Beryl was 70. Last month she was diagnosed with cancer of the liver, told that she had between two weeks and two months to live and expressed a wish to be confirmed - a sacrament which can only usually be administered by a bishop.
A date had been arranged, 5pm last Tuesday, for the Bishop of Jarrow to attend her bedside. At the previous Sunday's service Paul had publicly and prayerfully expressed the hope that she would live to see it. She didn't.
When it became clear the previous day that, were Beryl still to be alive she would not be conscious, the Vicar of Norton administered confirmation himself.
"I'm not sure that technically I can do that, but I'm sure God would understand," he said.
Unable to eat for two days, Beryl nodded in response to the promises and swallowed the bread and wine when placed on her tongue. "Food for the journey," said Paul.
Her family, around her, also received communion.
Paul also told her that she'd died with Sunderland in the Premiership and that if he ever became a bishop ("which is highly improbable") she'd be the first person he ever confirmed.

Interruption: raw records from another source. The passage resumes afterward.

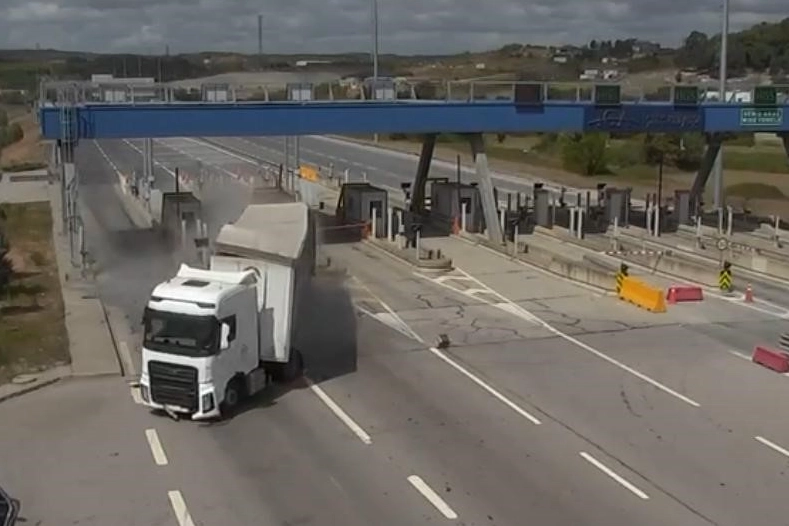 Güvenlik kamerasına yansıyan görüntülerde ise tırın gişelere yaklaşırken kontrolden çıktığı, önce gişelere ardından da jandarma aracına çarptığı görüldü.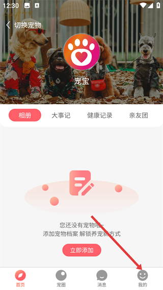 1、在展示【相册-大事记-健康记录-亲友团】的页面,点击底部的【我的】按钮,即可进入能够对宠物档案进行相关操作的个人界面。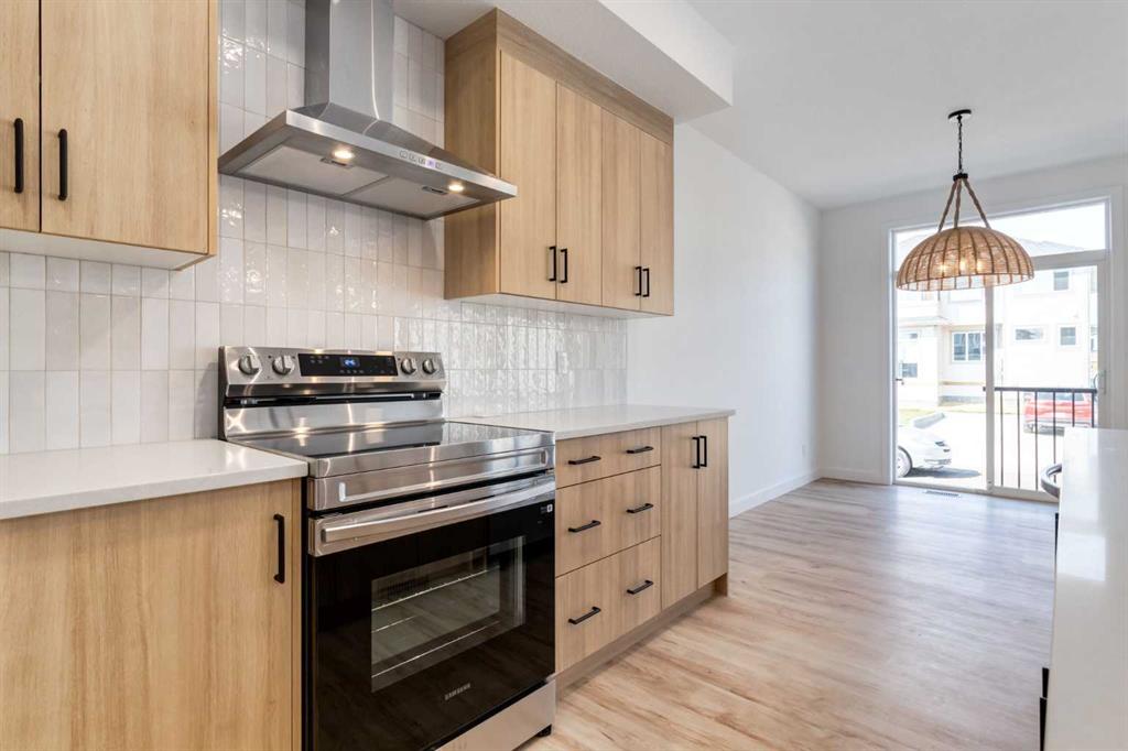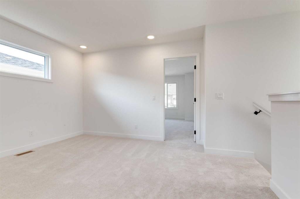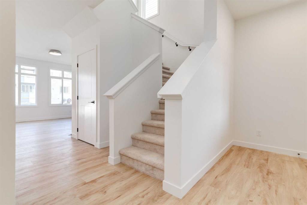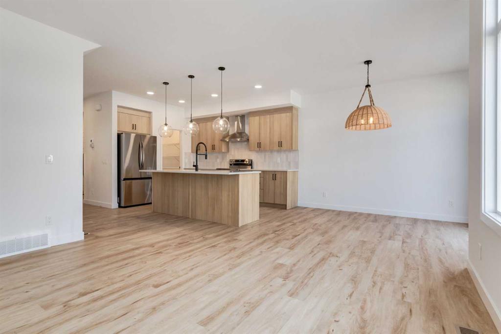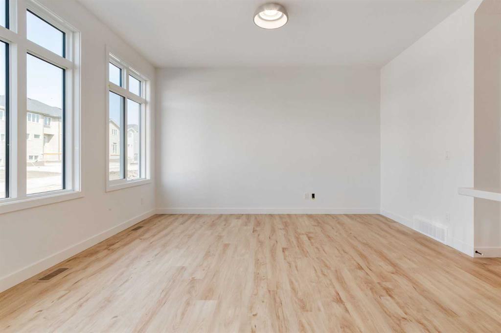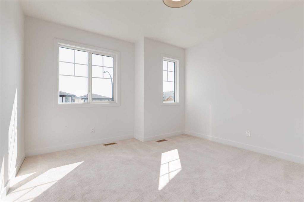 Welcome to the Easton by Rohit Homes, a front-attached garage home offering 1657 square feet, three bedrooms upstairs, a central bonus room, and a separate upper laundry room. This thoughtfully designed home features a 9 foot ceiling on the main level, an oversized 8 foot kitchen island, walk-in pantry, side entrance, and a full appliance package including washer and dryer. Designed for both function and comfort, the Easton delivers a layout that supports everyday living while offering flexibility for growing households. The main floor is anchored by a spacious, open-concept kitchen designed around an efficient work triangle for seamless cooking and entertaining. The oversized island comfortably seats four and serves as the heart of the home, while the walk-in pantry adds exceptional storage. Large rear-facing windows flood the living and dining areas with natural light, creating an open, bright, and welcoming atmosphere. A wide foyer provides practical space for coats, footwear, and everyday organization, while the double attached garage offers room for two vehicles plus additional storage. Finished in the Ethereal Zen interior palette, the interior features custom lighting, curated mirrors, and designer-selected details that create a calm, modern aesthetic with layered warmth and texture. Upstairs, the centrally located bonus room provides flexible living space ideal for a media room, home office, or play area. All three bedrooms are located on the upper level, including a generous primary retreat with a sizeable walk-in closet and a full ensuite featuring a soaker tub and shower. The additional bedrooms are well-sized to accommodate queen beds and workspaces. The separate upper laundry room adds everyday convenience and practicality. Located in the southeast Calgary community of Heartwood, residents enjoy quick access to major roadways, nearby shopping, dining, schools, parks, and everyday amenities. With close proximity to Seton, the YMCA, the South Health Campus, and recreation facilities, Heartwood offers the convenience of established services with the feel of a growing neighborhood. This home is backed by full Alberta New Home Warranty coverage for added peace of mind.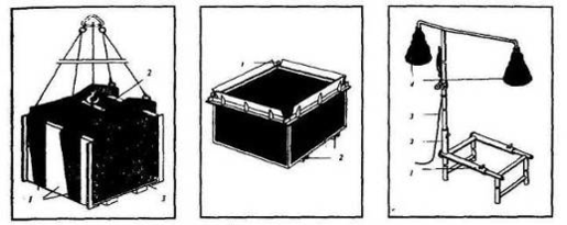 Бак для змочування цегли. Ємкість, яку заповнюють водою (рис. 17). У жарку і суху погоду піддони з цеглою опускають у бак, змочують і подають на робоче місце.
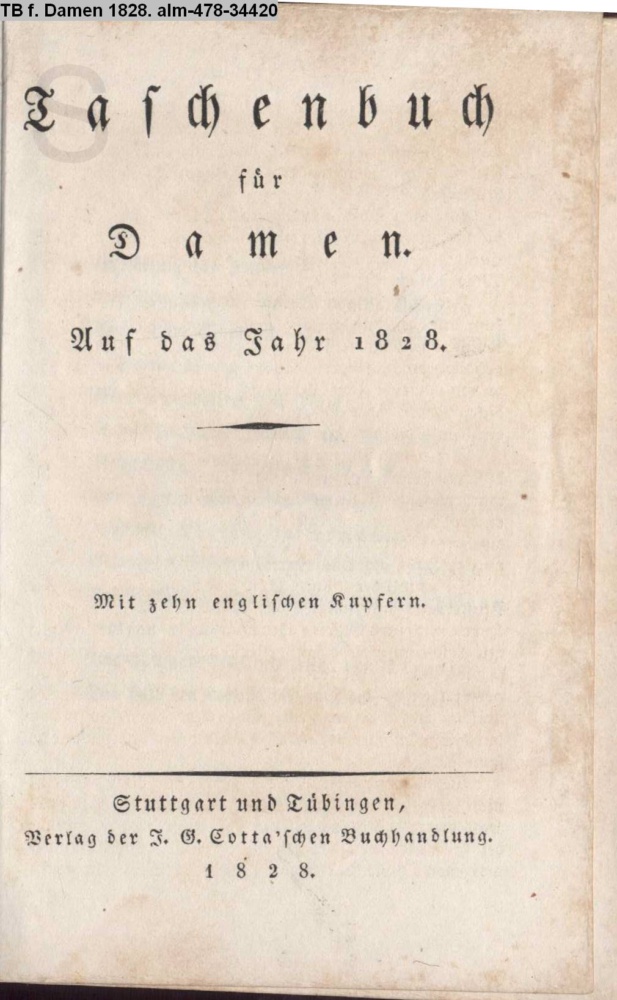 Taschenbuch / für / Damen. / Auf das Jahr 1828. / Mit zehn englischen Kupfern. / Stuttgart und Tübingen, / Verlag der J. G. Cotta'schen Buchhandlung. / 1828

"It was a glorious death in the way that you hear the Victorians talking about death," he said.
"It was just very lovely to see someone who had found faith die without fear in that way. It's hard to put into words, but it was a good death, just something lovely which happened."
Soon after being confirmed, Beryl finally slipped into a coma. Her last word, whether referring to Sunderland's impending position in the football structure or to Paul Walker's confirmation, was "first". She died peacefully the following day.
As the tail end Charlie in the preacher of the year contest might have said, how do you follow that?
St Chad's in Stockton was built in 1956 on a housing estate which little preceded it, was extended shortly afterwards in order to fit everyone in and just ten years ago attracted 100 or more every Sunday morning.
Now the average is 25. Welcoming the folk of St Mary's to Roseworth, Joanne Thorns, the curate, says that their presence offers St Chad's the chance of a "proper" patronal festival - "a chance for loud singing and getting excited."
The gloria, reworded to fit the tune of Beethoven's Ninth, seems particularly joyful.
Joanne's sermon recounts the life of Chad, a seventh century Northumbrian saint particularly revered in the Midlands, recalls that his four brothers were also priests.
"In those days being a priest was regarded as honourable," she says. "Today most families would think their sons were mad."
She herself had been a well paid pharmacist until sufficiently moved by a sermon at St Mary's in Springwell, Sunderland - her home church - to apply for ordination training.
"It was when I realised my faith was only part time," she says. Ironically, St Mary's in Springwell didn't endorse woman priests.
So did her own parents consider her mad? "They were very supportive but they probably did," she says. "They probably thought that it was just Joanne, and that she'd come round eventually."
Elizabeth Walker, the other robed priest, was a latecomer to the ministry. Now 61, she's been involved with St Chad's for 30 years but wasn't ordained deacon until 1994.
"It was a calling from the congregation, really," says the former social work manager who fulfils an unpaid role.
Others - Lena Routh, Millie Littlefair, Mary Clarke, Kath Williams - have attended St Chad's since it was consecrated and remain wholly faithful to it.
All agree that Roseworth is still a good place to live, save for the problem of what Joanna Thorns calls "disaffected" youths.
"You see some estates which have gone down but this one has kept its appearance, is clean and the people are lovely," says Elizabeth Walker.
"The church has started to flourish again since Joanne came here."
After the service there's a splendid spread and a convivial gathering. Paul Walker's off straight away to baptise babies at Norton - but he's made his mark already.